On January 18, 2022, the New Jersey Supreme Court rectified a decision of the Appellate Division and found the injuries sustained in a parking lot owned and controlled by the employer were indeed compensable. In Diane Lapsley v. Township of Sparta, the Supreme Court reinstated the Judge’s decision and reversed the decision of the Appellate Division and in doing so, dismissed the third party claim filed by the injured worker against the Township of Sparta.
On February 3, 2014, the petitioner left work early when the Township closed the library where she worked due to snowfall. The petitioner’s husband came to pick the petitioner up and as they were walking to his car that was parked in a lot adjacent to the library, the petitioner was struck by a snowplow owned by the Township and operated by a Township employee. The accident caused severe injuries to the petitioner’s leg resulting in multiple surgeries.
The petitioner is a librarian for the Sparta Public Library. The library is in a municipal complex with athletic fields, offices, and 3 common use parking lots.
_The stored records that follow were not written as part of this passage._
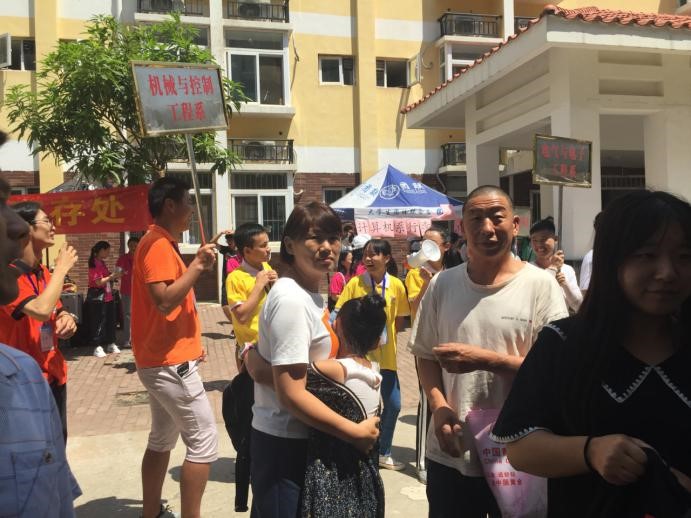 体育馆侧门,有来自火车站接送新生及新生家人的大巴车,各系志愿者会询问下车的新生是哪个系部,并带他们到相应专业班级进行报道。校里校外,随处可见的都是志愿者,他们匆匆忙忙,一个接着一个,来不及喝水,为新生提供自己所能的服务。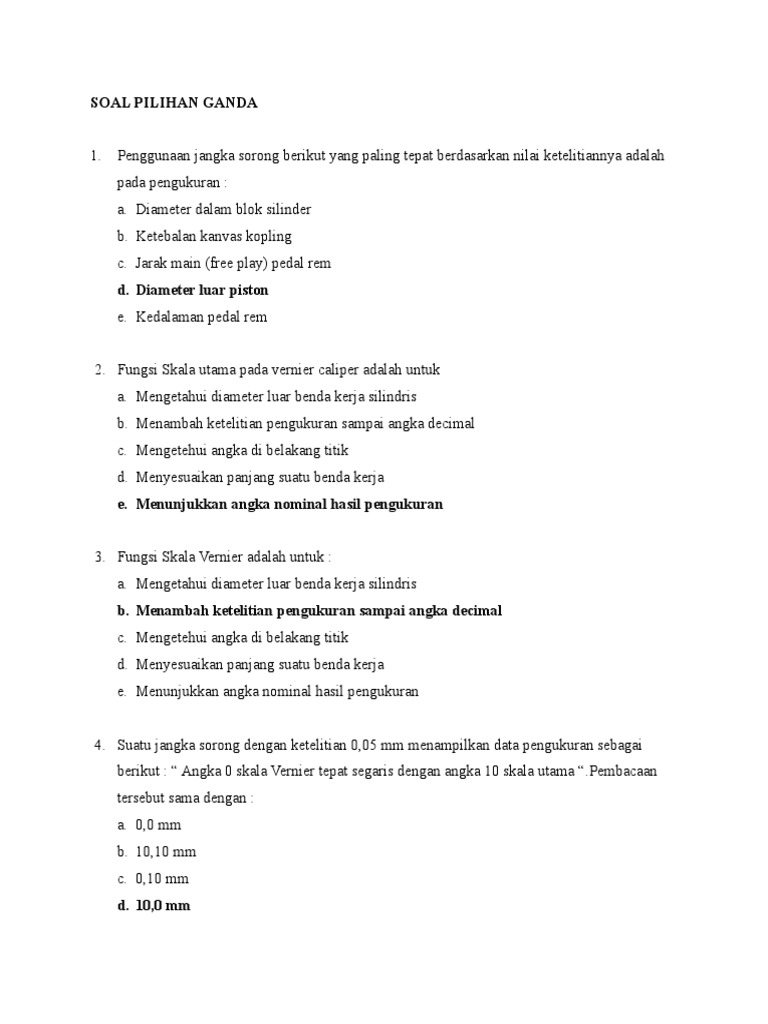 Soal Pilihan Ganda Penggunaan Alat Ukur 6 34m27k5jy8n6 from idoc.pub We did not find results for: Check spelling or type a new query. Setiap satu kali putaran penuh (360o) pada skala thimble micrometer menunjukkan gerakan sepanjang. Maybe you would like to learn more about one of these?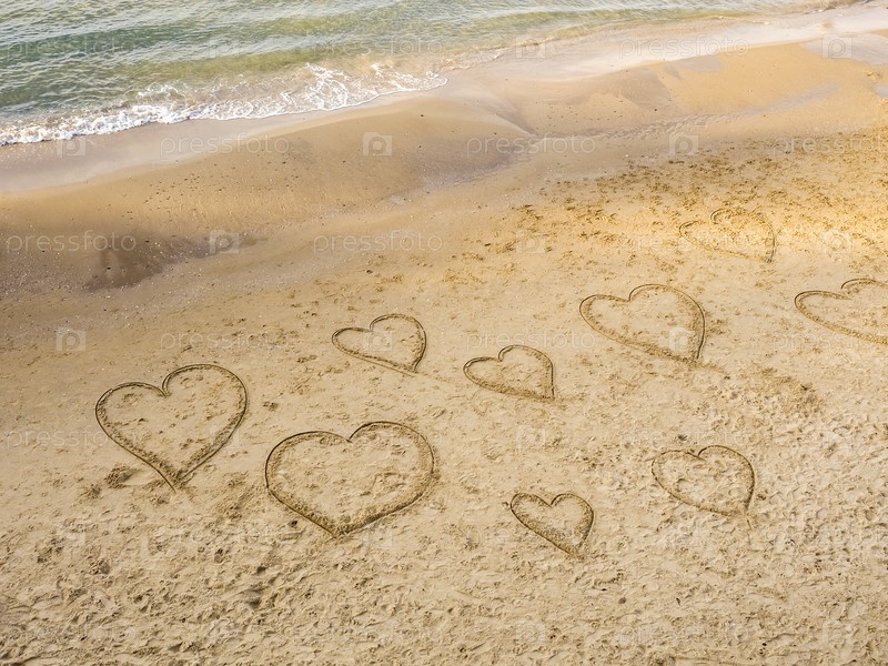 Символы сердец, рисующие на песке на пляже Тель-Барух. Набережная Тель-Авива. Израиль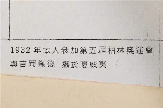 1.本物件為夏威夷歡迎會場張星賢與吉岡隆德合照,1932年張星賢前往夏威夷比賽,後方有「日本選手歡迎會場」布條,以及日本國旗高掛,與吉岡隆德合照。吉岡隆德為日本田徑選手1932年曾參加奧運100公尺。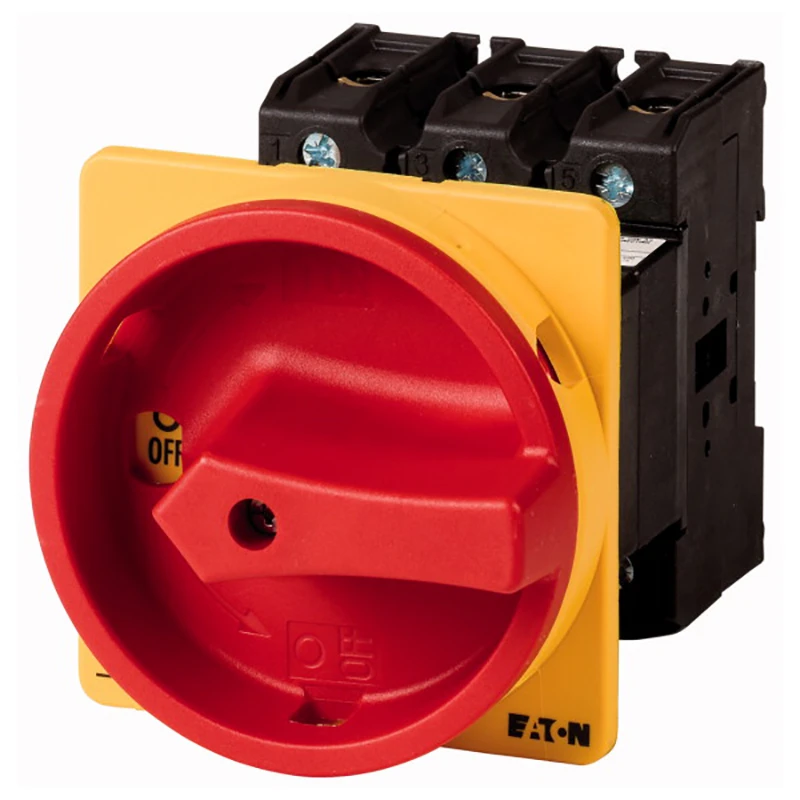 Eaton Main switch P3 63 A rear mounting 3 pole Emergency switching off function With red rotary handle and yellow locking ring Lockable in the 0 (Off) position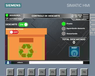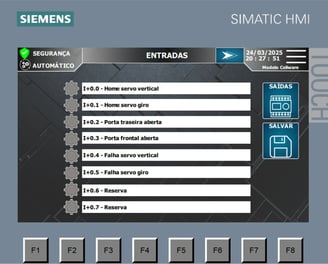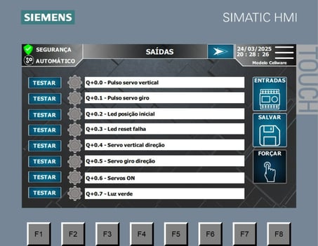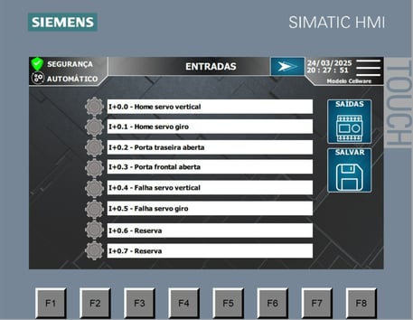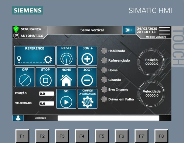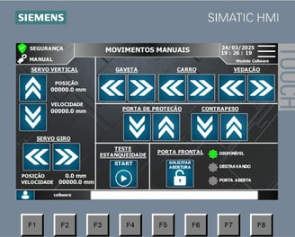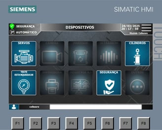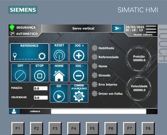Nesta interface, o operador pode visualizar e interagir com elementos como servomotores, inversores, cilindros pneumáticos e outros.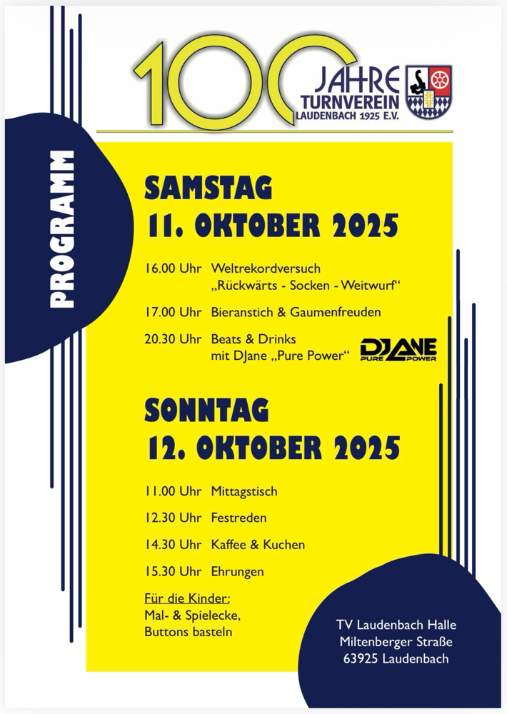 Zu diesem stolzen Jubiläum lädt der TV Laudenbach alle Vereinsmitglieder sowie Freunde und Unterstützer herzlich ein, gemeinsam zu feiern. Das Wochenende vom 11. und 12 Oktober verspricht ein buntes Programm voller Highlights: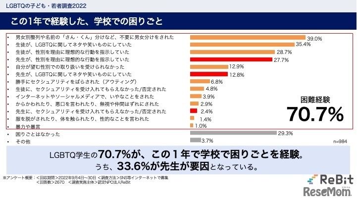ReBitは「LGBTQ子ども・若者調査2022」を実施し、速報を公開した。全国調査と比較し、高校生の不登校経験は10倍にものぼるが、9割超が教職員・保護者に安心して相談できていない実態が明らかになった。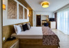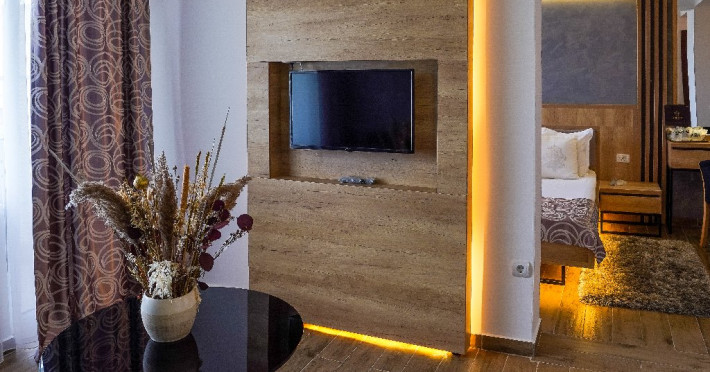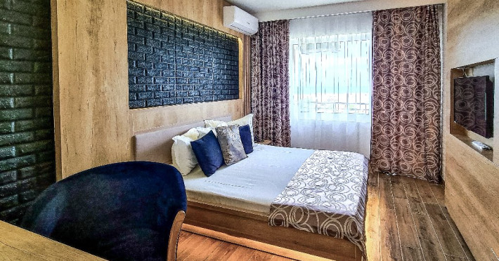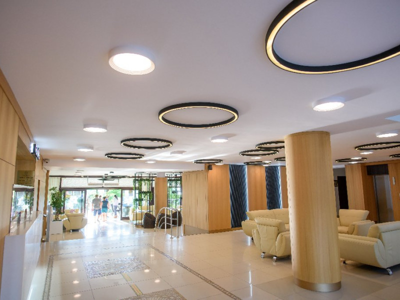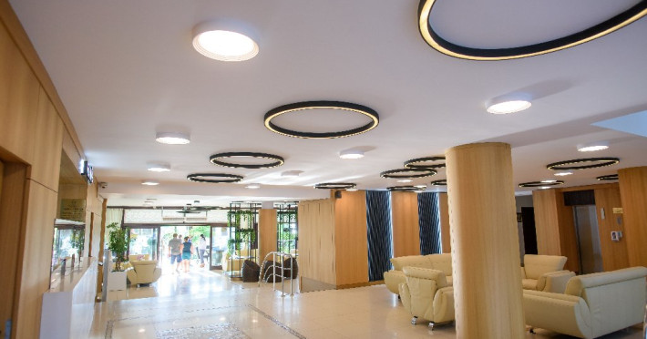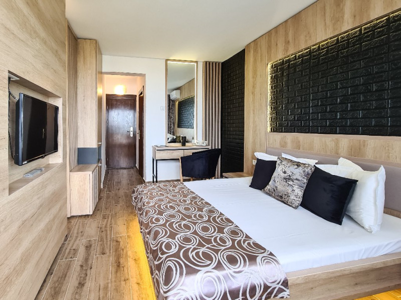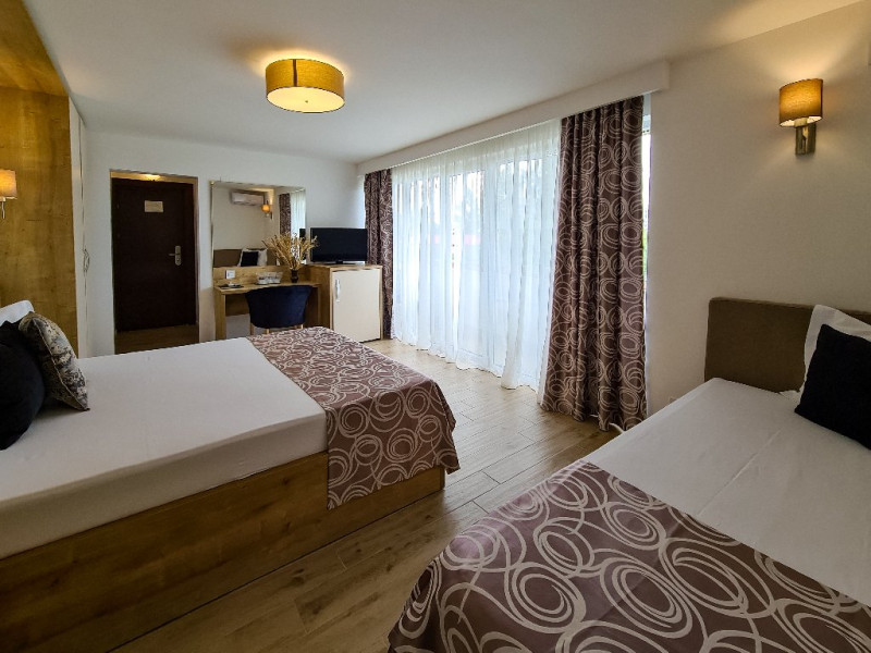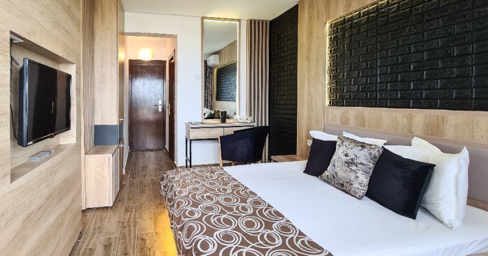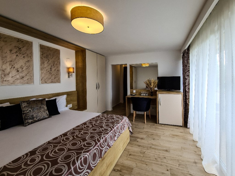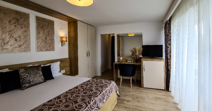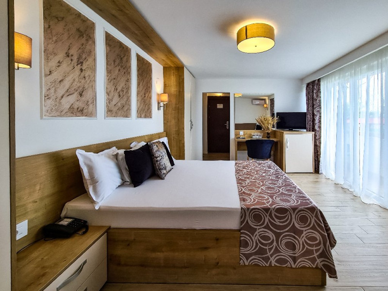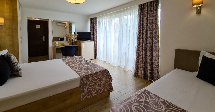 FACILITATI UNITATE Dotari generale: restaurant -(150 de locuri), parcare proprie -gratuita in limita disponibilitatilor- cca 100 locuri, loc de joaca pentru copii, internet -wireless gratuit , pastrare obiecte de valoare, terasa - 200 locuri cu vedere la mare, receptie, camera de bagaje, 2 lifturi, hotel complet renovat, parter + 4 etaje. DESCRIERE CAMERE Numar total camere: 188 Duble: 173 - dintre care 157 camere cu pat matrimonial si 16 camere cu doua paturi. Patul suplimentar, este de tip pull-out, incorporat in patul matrimonial, iar dimensiunea este de 80/170 cm. Apartamente: 2 - apartamentul este compus din living si dormitor. Triple: 13 - un pat matrimonial si 1 pat pentru 1 persoana. Au suprafata mai mare decat camerele duble. Suita Deluxe: formata din living si dormitor open space; canapea extensbilila in living si pat matrimonial in dormitor. Dotari camere:aer conditionat, TV - LCD, minibar, baie cu cada -in apartamente si camerele triple, baie cu dus -in camerele duble, balcon -cu gresie, masuta si doua scaune, internet -wireless gratuit, pardoseala in camera din gresie, halate de baie si papuci, uscator de par, plasa insecte la usa de la balcon, telefon.

The Township owns and maintains the parking lots, although they did not direct the employees where to park, nor did they restrict the employees' manner of traveling between the parking lots and the library.
Rather than file a workers’ compensation claim, the petitioner filed a civil lawsuit (as well as a subsequent workers’ compensation claim) against the Township. The motivation for the third party suit would be the likelihood of a much greater civil damage award as opposed to the benefits available under the workers’ compensation statute. The Workers’ Compensation Judge (WCJ) found that the injuries arose out of and during the course of employment and were compensable under the Workers’ Compensation Act. In doing so, the third party case would be dismissed since the Township and the co-employee, the driver of the tow truck, would be immune from suit. The Appellate Division reversed finding that the injuries were not compensable under the Workers’ Compensation Act.
When the decision of the Appellate Division was first rendered, it seemed to be incorrect and similar to some recent Appellate decisions over the past several years rejecting the defense that a lawsuit could not commence since the defendant was the employer. Allowing the suits to proceed permitted much larger jury verdicts. In reviewing this case, however, the Supreme Court noted that the site of the accident was a parking lot adjacent to the petitioner’s job site at the library. There was no dispute that the Township controlled the parking lot through ownership and maintenance. In fact, the Township’s plowing of the parking lot of snow when the accident occurred further demonstrated and emphasized the Township’s exercise of control over the parking lot. Based upon these facts, the Supreme Court had no difficulty in finding that the petitioner was entitled to workers’ compensation benefits as her injuries arose out of and during the course of her employment. The Court rejected the petitioner’s argument that the Township exercised no control over the petitioner’s use of the parking lot, however, the argument misses the point. Control is an issue if the employer does not own or maintain the premises.
In this case, the employer both owned and exercised control over the premises as reflected by their maintenance of the premises. The issue of control is much more often applied to a multitenant parking lot where the employer does not own the parking lot and certainly does not maintain it or plow it as was the case here.
The decision of the Supreme Court was an easy one.
Comment: As noted, it was the decision of the Appellate Division that was surprising and not the decision of either the WCJ or the Supreme Court. The petitioner’s goal of avoiding the more limited benefits under the workers’ compensation statute was clear in the attempt to pursue a third party claim against the co-employee. However, the employer owning and maintaining the premises where she fell eventually resulted in the unavoidable conclusion that this was a work related event. She had not left the employer’s premises, therefore, her commute home had not yet begun.
As we advised a few weeks ago, the Governor has signed into law a new Parking Lot Bill that may result in many more cases being decided under various fact patterns. According to the new law, employment shall be deemed to commence, if an employer provides or designates a parking area for use by its employees when the employee arrives at the parking area before reporting for work and terminates when they leave the parking lot at the end of the workday. Whether the comment made by the Supreme Court that accidents exclude areas “not under the control of the employer” or the statute finding course and scope of employment commences simply when the employee arrived at the parking area whether or not any control is exercised remains to be seen.
We will keep you apprised of the cases as they develop.